-------- DATASET CONTENT --------
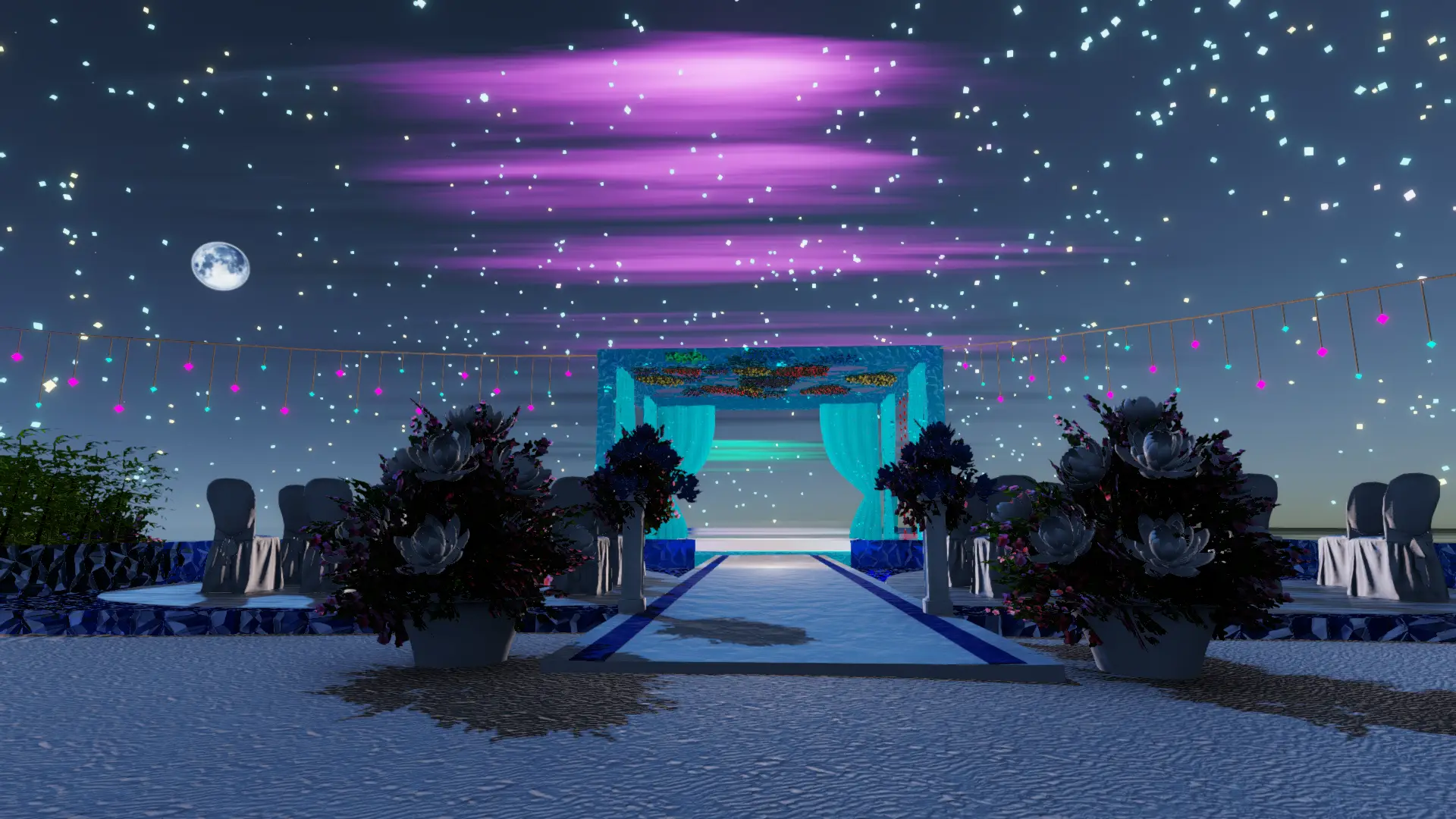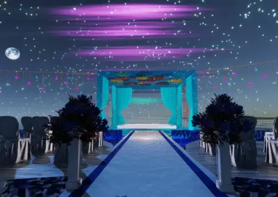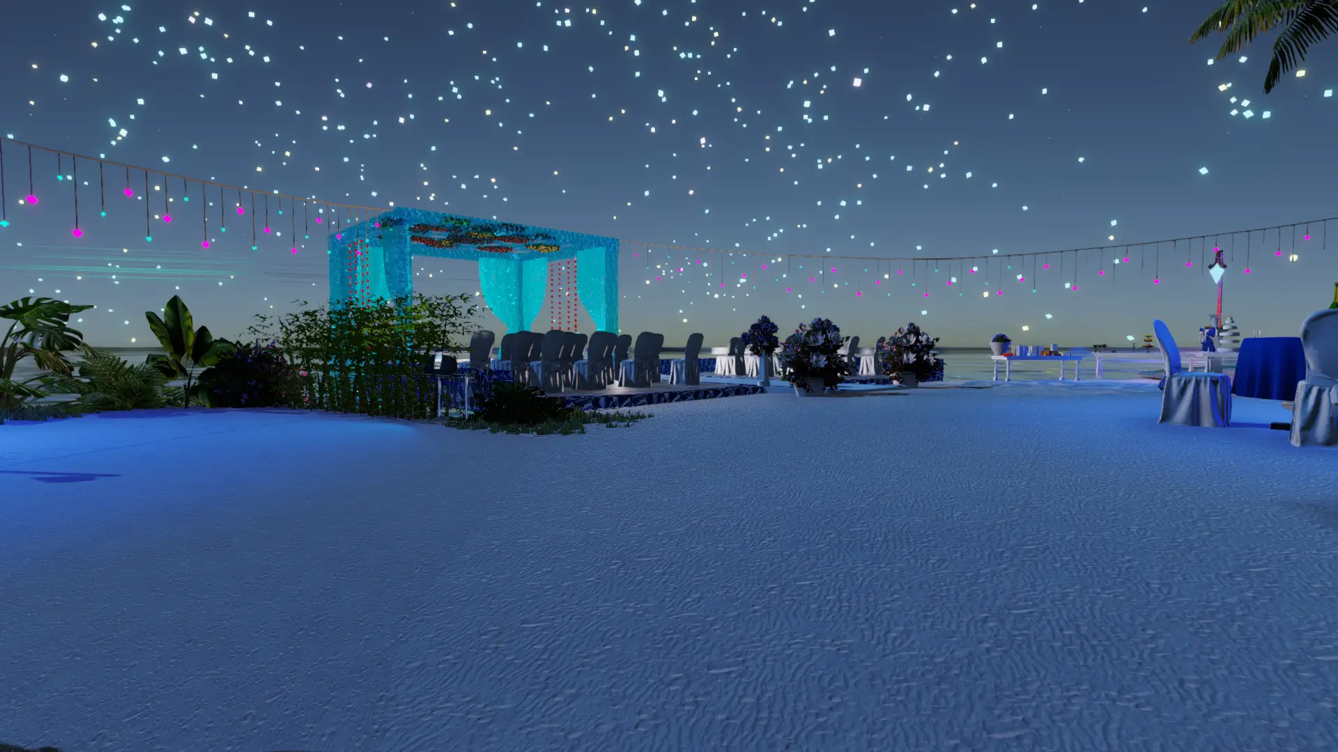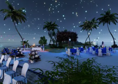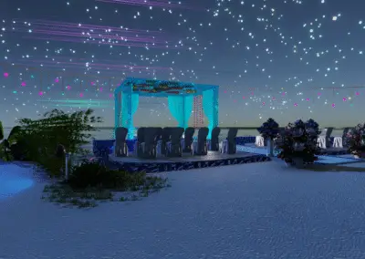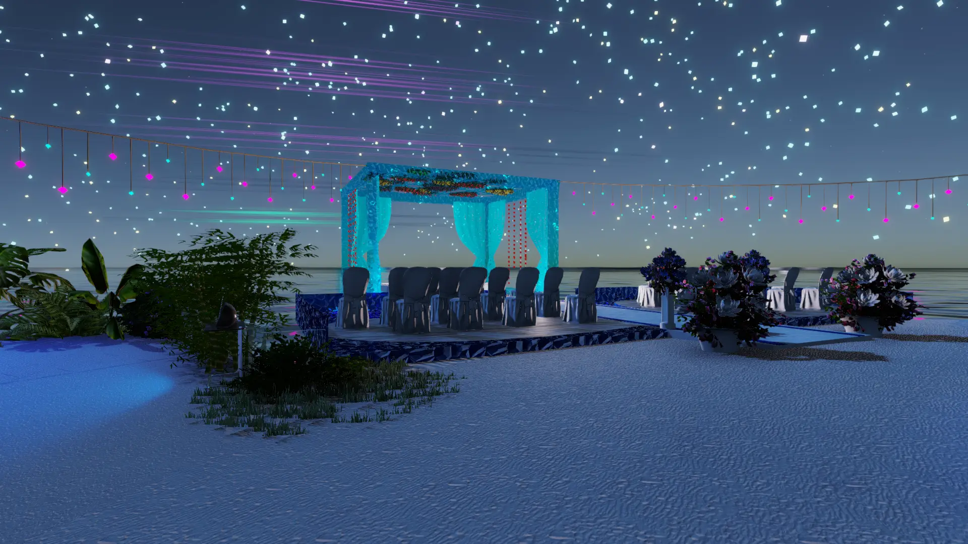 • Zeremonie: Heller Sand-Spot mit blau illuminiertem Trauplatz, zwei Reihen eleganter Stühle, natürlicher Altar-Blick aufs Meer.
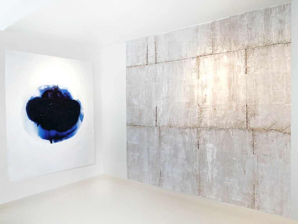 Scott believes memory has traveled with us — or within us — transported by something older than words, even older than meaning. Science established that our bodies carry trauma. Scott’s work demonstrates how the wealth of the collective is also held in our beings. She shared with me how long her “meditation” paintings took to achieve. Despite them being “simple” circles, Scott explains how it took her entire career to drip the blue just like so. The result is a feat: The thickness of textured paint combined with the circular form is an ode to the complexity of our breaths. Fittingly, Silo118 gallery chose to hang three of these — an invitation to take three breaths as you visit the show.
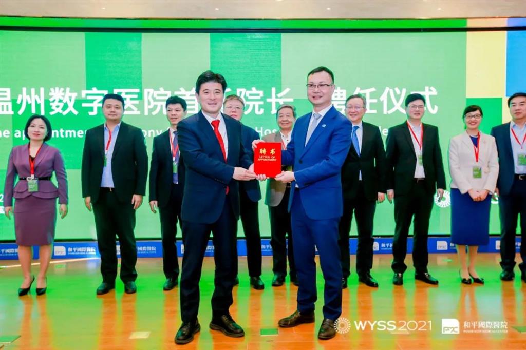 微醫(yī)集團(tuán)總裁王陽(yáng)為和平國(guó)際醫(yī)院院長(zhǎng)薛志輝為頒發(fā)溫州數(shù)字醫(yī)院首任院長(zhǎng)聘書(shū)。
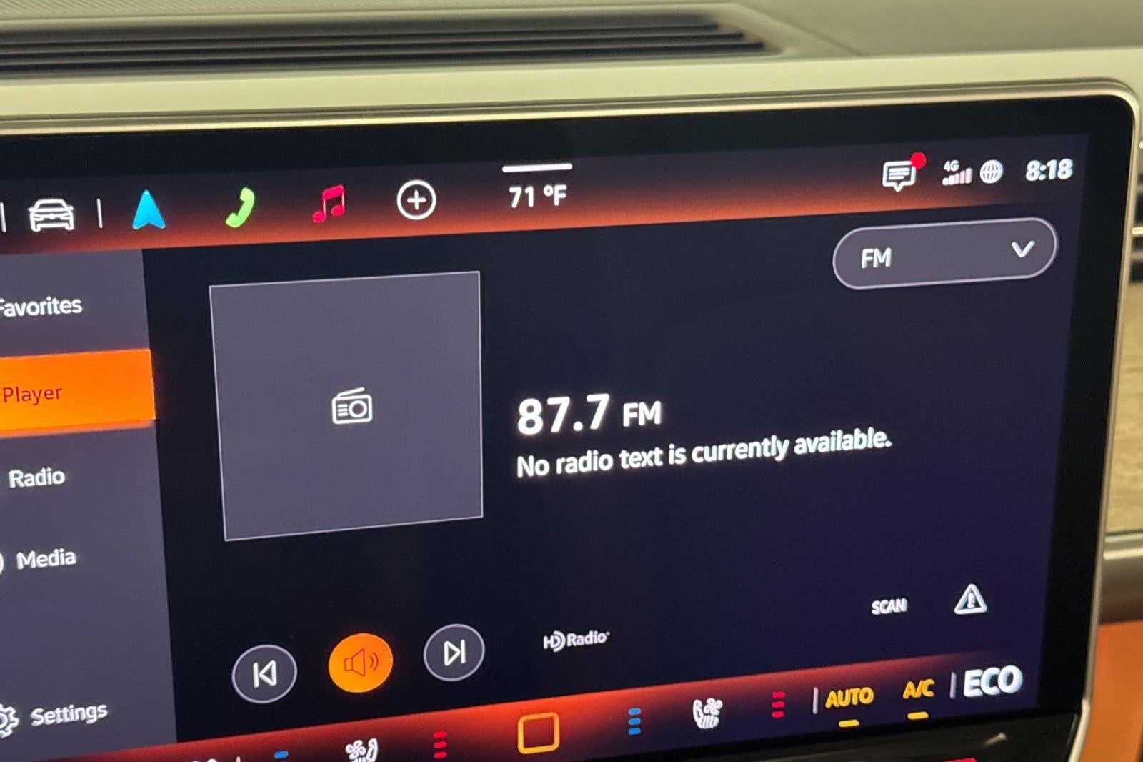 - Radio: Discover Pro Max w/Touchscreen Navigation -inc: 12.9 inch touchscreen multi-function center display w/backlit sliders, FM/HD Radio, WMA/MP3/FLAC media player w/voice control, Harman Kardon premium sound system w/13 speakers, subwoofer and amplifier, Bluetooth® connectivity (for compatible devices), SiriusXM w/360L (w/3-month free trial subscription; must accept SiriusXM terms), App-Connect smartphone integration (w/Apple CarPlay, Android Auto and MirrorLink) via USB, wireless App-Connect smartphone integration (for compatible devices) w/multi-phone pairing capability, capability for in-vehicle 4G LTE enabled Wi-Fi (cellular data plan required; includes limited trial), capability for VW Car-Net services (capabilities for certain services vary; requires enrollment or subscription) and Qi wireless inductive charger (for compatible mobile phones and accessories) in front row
--------
EXERCISE DETAILS: An exact, picture-free copy of the listing above is the goal; write it out now.

SOLUTION:
 • Zeremonie: Heller Sand-Spot mit blau illuminiertem Trauplatz, zwei Reihen eleganter Stühle, natürlicher Altar-Blick aufs Meer.
 Scott believes memory has traveled with us — or within us — transported by something older than words, even older than meaning. Science established that our bodies carry trauma. Scott’s work demonstrates how the wealth of the collective is also held in our beings. She shared with me how long her “meditation” paintings took to achieve. Despite them being “simple” circles, Scott explains how it took her entire career to drip the blue just like so. The result is a feat: The thickness of textured paint combined with the circular form is an ode to the complexity of our breaths. Fittingly, Silo118 gallery chose to hang three of these — an invitation to take three breaths as you visit the show.
 微醫(yī)集團(tuán)總裁王陽(yáng)為和平國(guó)際醫(yī)院院長(zhǎng)薛志輝為頒發(fā)溫州數(shù)字醫(yī)院首任院長(zhǎng)聘書(shū)。
 - Radio: Discover Pro Max w/Touchscreen Navigation -inc: 12.9 inch touchscreen multi-function center display w/backlit sliders, FM/HD Radio, WMA/MP3/FLAC media player w/voice control, Harman Kardon premium sound system w/13 speakers, subwoofer and amplifier, Bluetooth® connectivity (for compatible devices), SiriusXM w/360L (w/3-month free trial subscription; must accept SiriusXM terms), App-Connect smartphone integration (w/Apple CarPlay, Android Auto and MirrorLink) via USB, wireless App-Connect smartphone integration (for compatible devices) w/multi-phone pairing capability, capability for in-vehicle 4G LTE enabled Wi-Fi (cellular data plan required; includes limited trial), capability for VW Car-Net services (capabilities for certain services vary; requires enrollment or subscription) and Qi wireless inductive charger (for compatible mobile phones and accessories) in front row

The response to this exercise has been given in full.